More than 46 million turkeys are eaten every year at Thanksgiving – but it has not always been the main dish, and neither has the fourth Thursday in November always been the official Thanksgiving Day.
In 1621, the Plymouth colonists and Wampanoag Indians shared a harvest feast, which is known today as one of the first Thanksgiving celebrations in the colonies. For more than two centuries, the days of Thanksgiving were celebrated by states and colonies individually.
In 1789, George Washington issued the first Thanksgiving proclamation by the national government of the United States. He wanted Americans to express their gratitude for the happy conclusion to the country’s war of independence and the successful ratification of the US Constitution. New York became the first state to officially adopt an annual Thanksgiving holiday – this happened in 1817.
In 1827, Sarah Josepha Hale, author and noted magazine editor, launched a campaign to establish Thanksgiving as a national holiday. For 36 years, she published editorials and sent scores of letters to governors, senators, and presidents. Abraham Lincoln heeded her request in 1863 and made Thanksgiving an official national holiday every last Thursday in November.
Thanksgiving was celebrated that very day every year until 1939 when Franklin D. Roosevelt moved the holiday up a week. He wanted to spur retail sales during the Great Depression. His plan, also known as Franksgiving, was met with passionate opposition, but in 1941, the president signed a bill making Thanksgiving the fourth Thursday in November.

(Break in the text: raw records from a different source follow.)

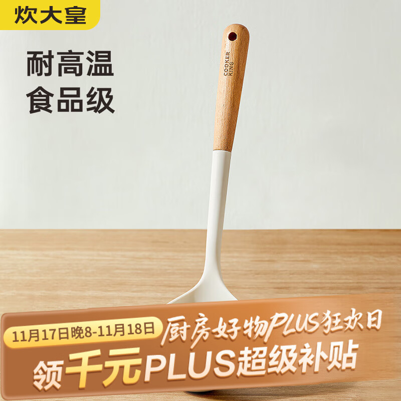 炊大皇 硅胶汤勺 木柄汤勺不粘汤锅火锅汤勺耐高温 白色
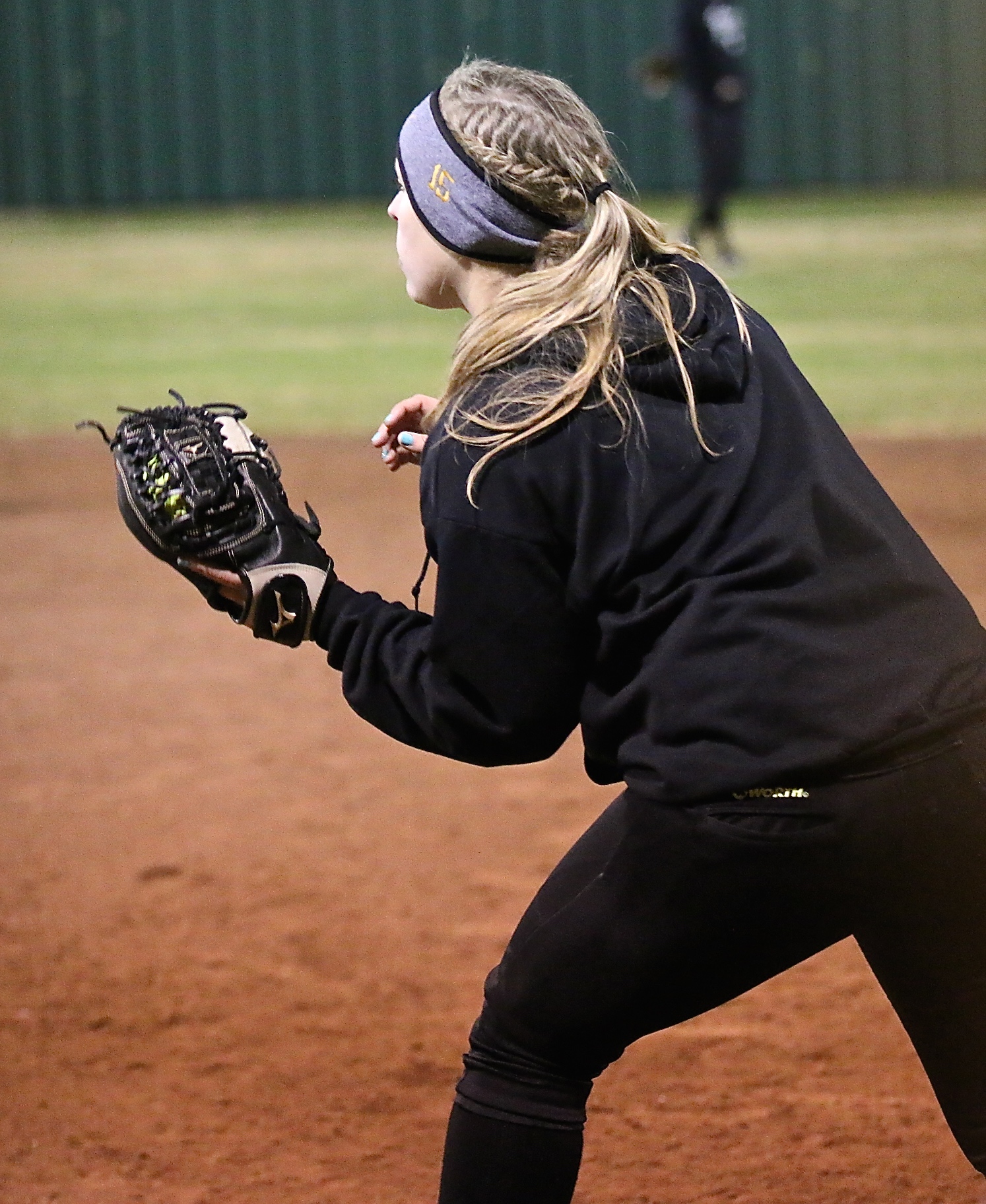 Lady Gladiator Softball pummels Red Oak in season opening scrimmage « previous story album next » Jaclynn Lewis(15) grabs an out after taking over at first-base. (Barry Byers) Download original photo
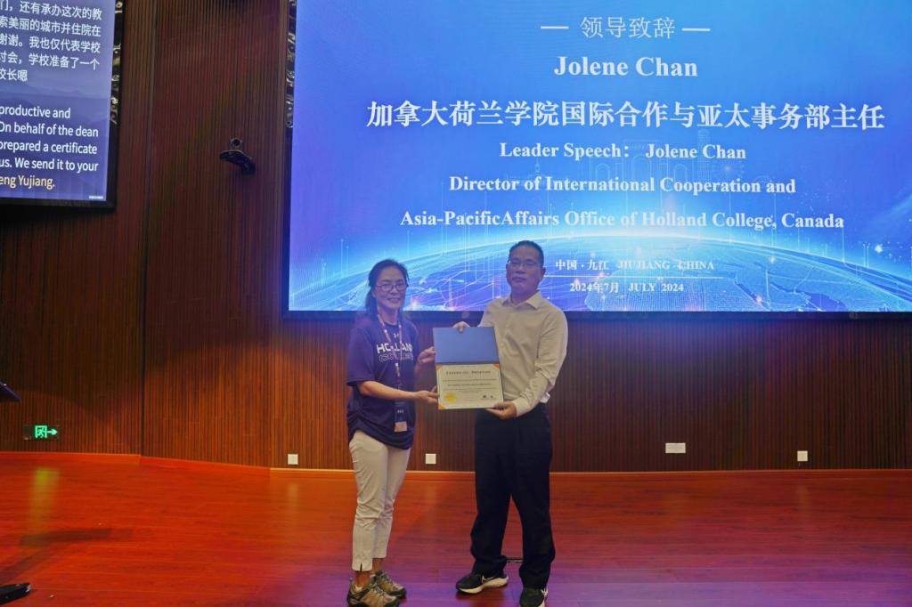 陈玉玲女士代表加拿大荷兰学院致辞,感谢beat365为本次研讨会的召开给予的大力支持,她介绍了加拿大荷兰学院办学历史和与中国院校合作办学的基本情况,对beat365中外合作办学所取得的成绩表示充分的肯定并颁发感谢函。希望通过此次机会总结中加合作办学经验,进一步丰富合作办学内涵,提升合作办学质量。
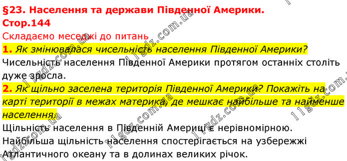 §23. Населення та держави Південної Америки. Стор.144 Складаємо меседжі до питань 1. Як змінювалася чисельність населення Південної Америки? Чисельність населення Південної Америки протягом останніх століть дуже зросла. 2. Як щільно заселена територія Південної Америки? Покажіть на карті території в межах материка, де мешкає найбільше та найменше населення. Щільність населення в Південній Америці є нерівномірною. Найбільша щільність населення спостерігається на узбережжі Атлантичного океану та в долинах великих річок.
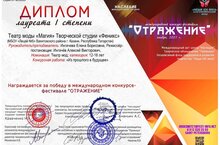 Поздравляем Театр моды "Магия" Творческой студии "Феникс" с победой в Международном конкурсе "Отражение". На суд жюри была представлена коллекция " Из прошлого в будущее" по мотивам татарских национальных костюмов. Так держать! Желаем дальнейших успехов.

When the colonists sat down to dine with the Wampanoag Indians, beef and fowl were on the menu. That is known thanks to the letters and records kept by early American settlers. It remains unsure what kind of fowl that was served, but a letter written by pilgrim Edward Winslow mentions a turkey hunting trip before the meal.
Another theory says that the turkey tradition comes from the Queen of England. During the 16th century, a fleet of Spanish ships sank on their way to attack England. According to a legend, Queen Elizabeth received the news while eating dinner. The legend states that she got so excited that she ordered another goose to be served. Some early settlers were inspired by the queen’s actions and roasted a turkey instead of a goose, according to some historians.
Exactly how the turkey ended up on the dinner table still remains unknown, and these are only two of the many theories out there. No matter how and where they came from, they will still be a big part of the annual Thanksgiving dinner.